DATA SHOWN.
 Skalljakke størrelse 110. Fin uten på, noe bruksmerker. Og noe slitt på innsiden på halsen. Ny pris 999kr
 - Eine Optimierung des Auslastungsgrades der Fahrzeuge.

---

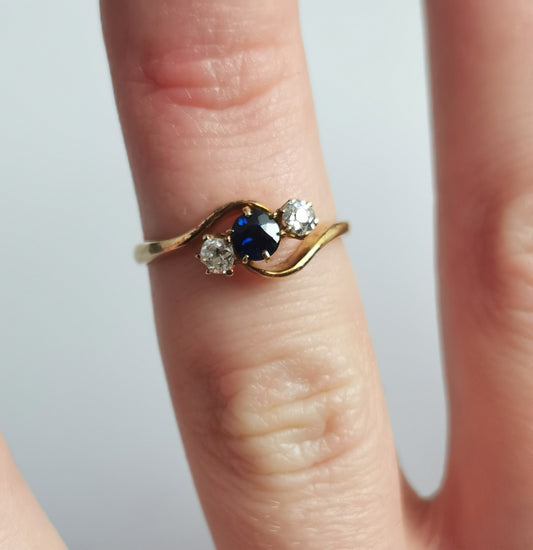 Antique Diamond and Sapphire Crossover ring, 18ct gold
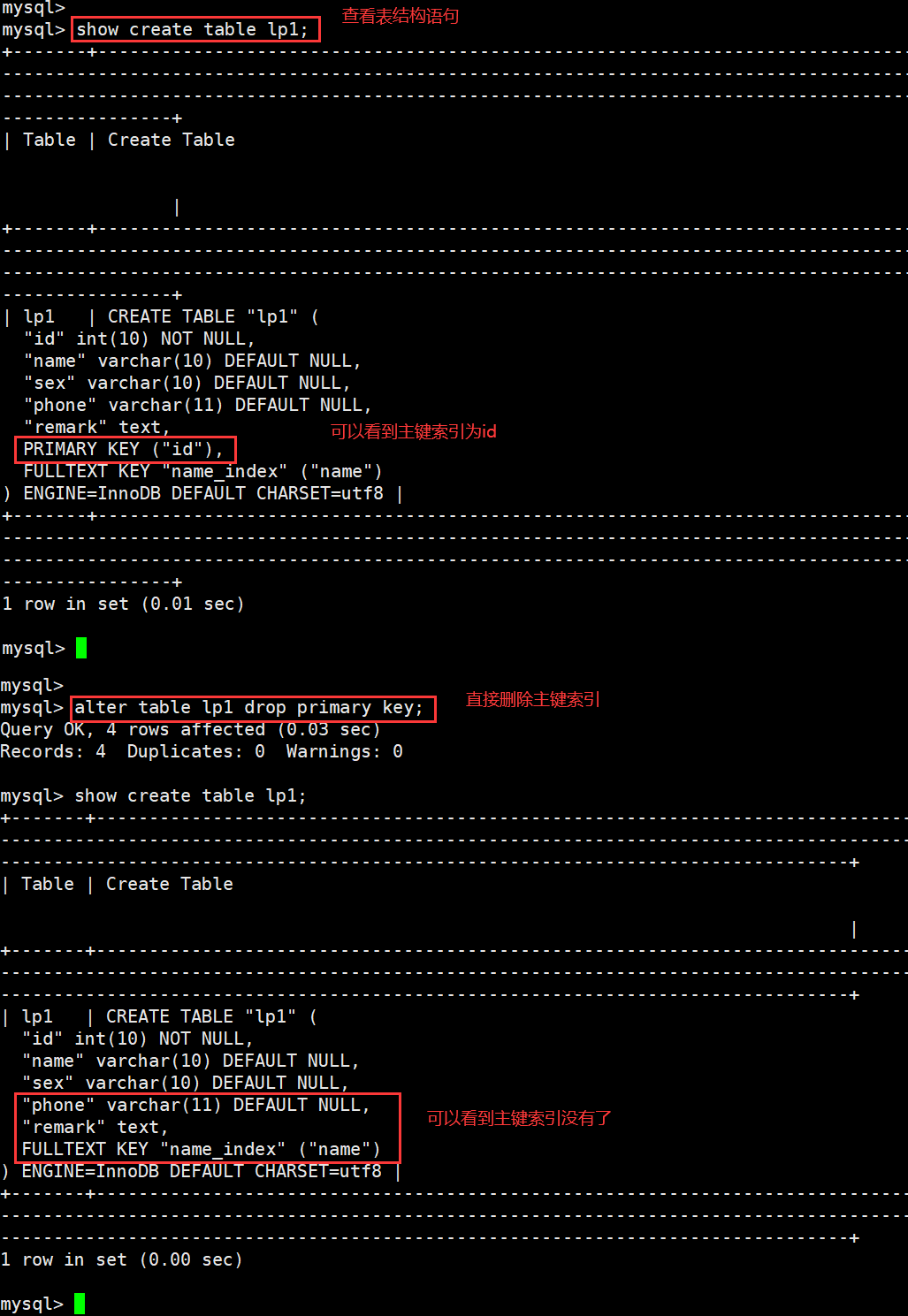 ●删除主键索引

---

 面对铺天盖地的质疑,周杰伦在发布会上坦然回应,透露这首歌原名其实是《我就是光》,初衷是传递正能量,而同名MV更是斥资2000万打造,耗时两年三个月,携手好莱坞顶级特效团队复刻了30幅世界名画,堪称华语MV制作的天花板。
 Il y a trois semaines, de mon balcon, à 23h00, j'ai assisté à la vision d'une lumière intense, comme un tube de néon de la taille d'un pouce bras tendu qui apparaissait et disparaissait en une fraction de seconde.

DIRECTIONS FOR THIS TASK. Going back to the entries above, set down exactly the lines that begin at the one with "Skalljakke størrelse 110." and end at the one with "- Eine Optimierung", both included, and nothing else.

WRITTEN RESPONSE.
 Skalljakke størrelse 110. Fin uten på, noe bruksmerker. Og noe slitt på innsiden på halsen. Ny pris 999kr
 - Eine Optimierung des Auslastungsgrades der Fahrzeuge.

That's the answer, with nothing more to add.